## Data
***
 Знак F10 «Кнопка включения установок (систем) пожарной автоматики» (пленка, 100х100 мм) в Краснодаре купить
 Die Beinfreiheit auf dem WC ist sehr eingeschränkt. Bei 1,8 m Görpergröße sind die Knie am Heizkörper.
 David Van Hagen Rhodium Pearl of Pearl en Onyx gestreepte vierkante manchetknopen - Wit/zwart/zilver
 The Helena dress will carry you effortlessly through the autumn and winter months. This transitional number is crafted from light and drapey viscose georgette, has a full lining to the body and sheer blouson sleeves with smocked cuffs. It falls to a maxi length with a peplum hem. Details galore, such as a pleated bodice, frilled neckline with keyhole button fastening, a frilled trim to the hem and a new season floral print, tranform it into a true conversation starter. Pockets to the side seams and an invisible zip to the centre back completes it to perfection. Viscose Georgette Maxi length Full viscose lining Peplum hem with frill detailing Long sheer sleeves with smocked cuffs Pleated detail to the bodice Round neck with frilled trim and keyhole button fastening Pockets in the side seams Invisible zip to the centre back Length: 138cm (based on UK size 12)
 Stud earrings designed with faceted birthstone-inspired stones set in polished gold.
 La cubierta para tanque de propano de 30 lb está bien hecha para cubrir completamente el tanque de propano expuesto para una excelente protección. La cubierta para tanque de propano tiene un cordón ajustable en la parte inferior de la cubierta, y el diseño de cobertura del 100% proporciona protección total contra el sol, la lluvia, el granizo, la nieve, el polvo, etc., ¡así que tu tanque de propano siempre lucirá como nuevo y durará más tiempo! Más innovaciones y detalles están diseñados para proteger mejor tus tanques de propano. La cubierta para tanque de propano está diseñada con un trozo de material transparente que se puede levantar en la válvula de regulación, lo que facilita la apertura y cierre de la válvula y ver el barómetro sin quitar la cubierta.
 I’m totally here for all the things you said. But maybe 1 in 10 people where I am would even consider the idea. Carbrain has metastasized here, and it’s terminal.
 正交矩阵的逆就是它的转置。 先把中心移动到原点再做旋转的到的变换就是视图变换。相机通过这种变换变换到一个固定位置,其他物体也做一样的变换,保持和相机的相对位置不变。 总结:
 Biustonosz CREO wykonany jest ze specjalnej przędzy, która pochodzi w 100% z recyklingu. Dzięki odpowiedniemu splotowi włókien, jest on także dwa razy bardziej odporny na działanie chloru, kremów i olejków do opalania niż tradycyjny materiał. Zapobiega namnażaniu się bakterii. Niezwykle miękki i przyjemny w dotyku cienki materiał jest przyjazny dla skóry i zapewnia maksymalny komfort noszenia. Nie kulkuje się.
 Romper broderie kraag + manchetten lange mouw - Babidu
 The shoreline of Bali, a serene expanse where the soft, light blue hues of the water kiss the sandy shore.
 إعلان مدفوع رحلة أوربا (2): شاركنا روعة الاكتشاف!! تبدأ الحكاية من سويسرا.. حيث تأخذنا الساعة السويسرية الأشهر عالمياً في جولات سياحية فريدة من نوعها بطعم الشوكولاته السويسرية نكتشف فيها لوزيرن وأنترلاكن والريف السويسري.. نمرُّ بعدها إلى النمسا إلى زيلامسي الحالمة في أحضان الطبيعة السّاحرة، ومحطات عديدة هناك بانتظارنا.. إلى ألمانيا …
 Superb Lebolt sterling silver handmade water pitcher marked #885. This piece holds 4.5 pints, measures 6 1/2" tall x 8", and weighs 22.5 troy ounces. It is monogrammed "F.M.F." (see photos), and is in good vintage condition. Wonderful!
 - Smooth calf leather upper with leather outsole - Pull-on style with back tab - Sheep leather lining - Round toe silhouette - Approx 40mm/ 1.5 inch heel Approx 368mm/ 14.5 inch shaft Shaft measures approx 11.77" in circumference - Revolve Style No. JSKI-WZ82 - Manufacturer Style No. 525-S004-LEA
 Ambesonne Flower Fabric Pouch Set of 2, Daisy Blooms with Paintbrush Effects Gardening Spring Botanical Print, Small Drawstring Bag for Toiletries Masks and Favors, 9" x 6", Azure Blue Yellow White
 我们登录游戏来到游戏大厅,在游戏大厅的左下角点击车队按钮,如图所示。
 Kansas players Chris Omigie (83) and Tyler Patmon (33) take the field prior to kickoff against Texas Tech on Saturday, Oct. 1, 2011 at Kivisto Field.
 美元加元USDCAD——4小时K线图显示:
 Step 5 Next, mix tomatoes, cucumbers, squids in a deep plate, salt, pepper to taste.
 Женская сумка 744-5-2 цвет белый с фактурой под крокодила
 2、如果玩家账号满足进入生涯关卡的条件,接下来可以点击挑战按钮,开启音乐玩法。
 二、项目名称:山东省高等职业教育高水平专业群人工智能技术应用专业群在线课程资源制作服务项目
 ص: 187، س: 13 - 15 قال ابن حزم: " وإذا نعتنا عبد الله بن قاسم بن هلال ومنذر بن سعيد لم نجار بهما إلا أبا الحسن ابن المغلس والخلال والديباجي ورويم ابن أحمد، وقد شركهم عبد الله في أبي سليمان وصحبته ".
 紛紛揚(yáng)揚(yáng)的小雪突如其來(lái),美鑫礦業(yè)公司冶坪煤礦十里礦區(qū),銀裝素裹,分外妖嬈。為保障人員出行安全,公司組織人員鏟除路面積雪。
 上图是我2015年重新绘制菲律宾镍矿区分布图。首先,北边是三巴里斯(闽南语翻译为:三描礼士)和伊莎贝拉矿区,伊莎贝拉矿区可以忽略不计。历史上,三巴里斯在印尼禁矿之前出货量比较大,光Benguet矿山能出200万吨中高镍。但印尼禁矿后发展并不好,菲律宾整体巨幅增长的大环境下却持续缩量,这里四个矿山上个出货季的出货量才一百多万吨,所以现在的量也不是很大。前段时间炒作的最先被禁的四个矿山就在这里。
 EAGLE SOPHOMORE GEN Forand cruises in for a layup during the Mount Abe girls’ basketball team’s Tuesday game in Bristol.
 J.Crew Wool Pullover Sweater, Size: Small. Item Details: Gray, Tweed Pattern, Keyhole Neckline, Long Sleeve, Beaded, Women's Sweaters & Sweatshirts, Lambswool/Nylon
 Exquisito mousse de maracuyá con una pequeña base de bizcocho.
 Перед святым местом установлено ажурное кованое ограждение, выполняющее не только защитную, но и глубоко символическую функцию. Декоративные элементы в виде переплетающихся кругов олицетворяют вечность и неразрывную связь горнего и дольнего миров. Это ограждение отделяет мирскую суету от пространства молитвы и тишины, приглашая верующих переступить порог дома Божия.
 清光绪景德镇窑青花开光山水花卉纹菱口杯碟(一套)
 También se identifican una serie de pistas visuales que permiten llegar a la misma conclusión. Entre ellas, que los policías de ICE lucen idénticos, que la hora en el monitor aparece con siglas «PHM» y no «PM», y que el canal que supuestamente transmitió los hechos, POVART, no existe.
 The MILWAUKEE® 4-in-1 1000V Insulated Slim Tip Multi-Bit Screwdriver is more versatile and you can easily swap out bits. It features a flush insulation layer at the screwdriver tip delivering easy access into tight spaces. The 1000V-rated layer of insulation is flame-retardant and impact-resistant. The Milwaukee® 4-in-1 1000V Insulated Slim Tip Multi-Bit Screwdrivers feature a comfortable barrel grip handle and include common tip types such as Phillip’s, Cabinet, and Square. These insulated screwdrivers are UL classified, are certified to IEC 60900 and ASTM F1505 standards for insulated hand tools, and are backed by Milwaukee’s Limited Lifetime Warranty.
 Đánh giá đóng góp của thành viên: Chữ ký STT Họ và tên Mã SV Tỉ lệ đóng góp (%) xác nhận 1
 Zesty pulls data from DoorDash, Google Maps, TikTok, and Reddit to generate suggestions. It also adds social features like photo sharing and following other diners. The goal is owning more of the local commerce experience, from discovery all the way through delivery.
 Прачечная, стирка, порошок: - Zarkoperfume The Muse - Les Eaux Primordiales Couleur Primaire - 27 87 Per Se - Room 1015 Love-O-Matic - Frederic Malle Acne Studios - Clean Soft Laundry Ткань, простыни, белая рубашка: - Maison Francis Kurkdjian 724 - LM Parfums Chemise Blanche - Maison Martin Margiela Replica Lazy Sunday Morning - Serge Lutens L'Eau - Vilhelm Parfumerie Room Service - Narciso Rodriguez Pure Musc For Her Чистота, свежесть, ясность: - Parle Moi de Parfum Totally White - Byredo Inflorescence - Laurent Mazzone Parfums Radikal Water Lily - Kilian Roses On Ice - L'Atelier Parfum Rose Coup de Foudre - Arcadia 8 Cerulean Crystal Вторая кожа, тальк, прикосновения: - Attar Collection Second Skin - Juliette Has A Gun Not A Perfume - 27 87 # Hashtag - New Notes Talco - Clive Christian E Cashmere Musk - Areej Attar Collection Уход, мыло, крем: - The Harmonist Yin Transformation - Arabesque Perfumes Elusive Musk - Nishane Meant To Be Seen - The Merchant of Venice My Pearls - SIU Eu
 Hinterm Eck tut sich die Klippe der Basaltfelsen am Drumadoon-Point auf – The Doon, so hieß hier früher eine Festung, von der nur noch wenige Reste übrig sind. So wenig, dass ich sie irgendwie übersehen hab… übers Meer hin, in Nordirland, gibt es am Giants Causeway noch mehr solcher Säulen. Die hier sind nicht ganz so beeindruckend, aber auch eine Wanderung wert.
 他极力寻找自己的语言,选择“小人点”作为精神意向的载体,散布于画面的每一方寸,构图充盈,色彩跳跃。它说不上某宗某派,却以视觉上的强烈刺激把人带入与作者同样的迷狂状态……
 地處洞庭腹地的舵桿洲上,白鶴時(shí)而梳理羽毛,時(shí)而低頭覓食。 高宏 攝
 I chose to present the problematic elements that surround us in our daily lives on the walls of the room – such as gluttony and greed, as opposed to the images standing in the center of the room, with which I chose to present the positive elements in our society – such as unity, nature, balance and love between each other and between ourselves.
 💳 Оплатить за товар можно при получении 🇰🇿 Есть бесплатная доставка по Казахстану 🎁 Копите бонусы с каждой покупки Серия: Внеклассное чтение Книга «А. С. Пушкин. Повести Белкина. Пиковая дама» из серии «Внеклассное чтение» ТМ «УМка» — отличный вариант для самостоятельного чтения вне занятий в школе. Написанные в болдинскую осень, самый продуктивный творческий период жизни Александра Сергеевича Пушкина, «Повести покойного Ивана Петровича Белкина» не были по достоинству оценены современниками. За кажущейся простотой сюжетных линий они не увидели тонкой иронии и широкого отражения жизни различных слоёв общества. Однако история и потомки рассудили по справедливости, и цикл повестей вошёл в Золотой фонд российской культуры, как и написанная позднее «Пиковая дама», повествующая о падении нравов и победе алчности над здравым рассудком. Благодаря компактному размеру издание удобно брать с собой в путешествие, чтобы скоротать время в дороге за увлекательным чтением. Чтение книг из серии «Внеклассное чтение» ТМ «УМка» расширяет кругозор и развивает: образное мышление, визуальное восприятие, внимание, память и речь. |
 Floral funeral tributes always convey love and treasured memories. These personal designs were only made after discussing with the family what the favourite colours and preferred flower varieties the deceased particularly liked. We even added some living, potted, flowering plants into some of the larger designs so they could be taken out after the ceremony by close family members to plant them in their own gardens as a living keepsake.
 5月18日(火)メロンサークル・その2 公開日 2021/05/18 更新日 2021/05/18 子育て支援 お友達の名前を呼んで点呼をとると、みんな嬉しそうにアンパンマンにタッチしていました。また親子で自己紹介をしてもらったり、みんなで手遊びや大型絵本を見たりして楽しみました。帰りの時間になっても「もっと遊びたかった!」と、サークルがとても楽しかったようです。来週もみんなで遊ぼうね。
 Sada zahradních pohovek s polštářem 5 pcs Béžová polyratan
***
Nothing but the lines from the top of the entries above through the line with "David Van Hagen" should be set down, each exactly as written.

 Знак F10 «Кнопка включения установок (систем) пожарной автоматики» (пленка, 100х100 мм) в Краснодаре купить
 Die Beinfreiheit auf dem WC ist sehr eingeschränkt. Bei 1,8 m Görpergröße sind die Knie am Heizkörper.
 David Van Hagen Rhodium Pearl of Pearl en Onyx gestreepte vierkante manchetknopen - Wit/zwart/zilver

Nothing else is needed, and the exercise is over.